Arretche - É impossível falar "das avaliações" em geral, como que se elas fossem um conjunto homogêneo. Há boas e más avaliações, assim como há avaliações objetivas e avaliações inteiramente tendenciosas. No Brasil, há um interesse crescente nessa área de investigação e há excelentes equipes tanto no meio acadêmico como em institutos independentes de pesquisa, assim como em órgãos do governo. Têm se multiplicado as equipes de avaliação, assim como os seminários, encontros e cursos nessa área. As avaliações sobre os resultados das políticas aplicadas indicam que há uma relação positiva entre a credibilidade da fonte e a aceitação da avaliação. Também a utilidade das avaliações depende em grande parte da percepção sobre quem as realiza e da influência do receptor interno ao órgão governamental que está sendo avaliado. Por fim, considera-se que a forma pela qual a informação sobre a avaliação é compartilhada entre os vários atores interessados é de fundamental importância para a influência que os resultados da avaliação possam vir a exercer. Em tese, uma avaliação é considerada boa quando é útil (isto é, refere-se a uma política de relevância), é oportuna (isto é, é realizada em tempo hábil); é ética (isto é, foi realizada com critérios e medidas justos e apropriados) e é precisa (isto é, empregou procedimentos adequados).

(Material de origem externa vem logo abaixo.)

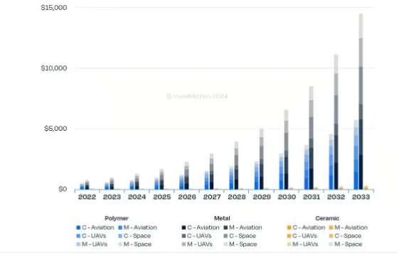 預(yù)計(jì)到2033年,航空航天AM的銷售額將超過(guò)200億美元,其中硬件收入預(yù)計(jì)將達(dá)到39億美元。
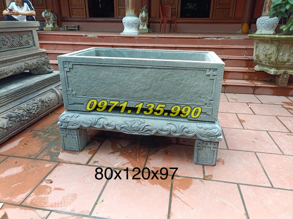 | Chậu dài để sân vườn | 100 x 40 x 50 cm | Đá xanh/đá vàng | 25.000.000 – 90.000.000 VNĐ |

ComCiência - A importância dada nos países do primeiro mundo para a avaliação das políticas públicas adotadas é maior que nos países do terceiro mundo? Por quê?
Arretche - Penso que a diferença mais importante diz respeito à longevidade dos regimes democráticos, isto é, a tradição de avaliação diz menos respeito ao nível de riqueza de um país e, mais à necessidade de prestar contas à sociedade. Penso que a competição política e o controle dos eleitores sobre o desempenho dos governos tende a estimular pesquisas de avaliações das políticas públicas. No Brasil, nós tivemos essa experiência. O interesse pelos estudos de avaliação de políticas cresceu tremendamente com a democratização e a competição eleitoral.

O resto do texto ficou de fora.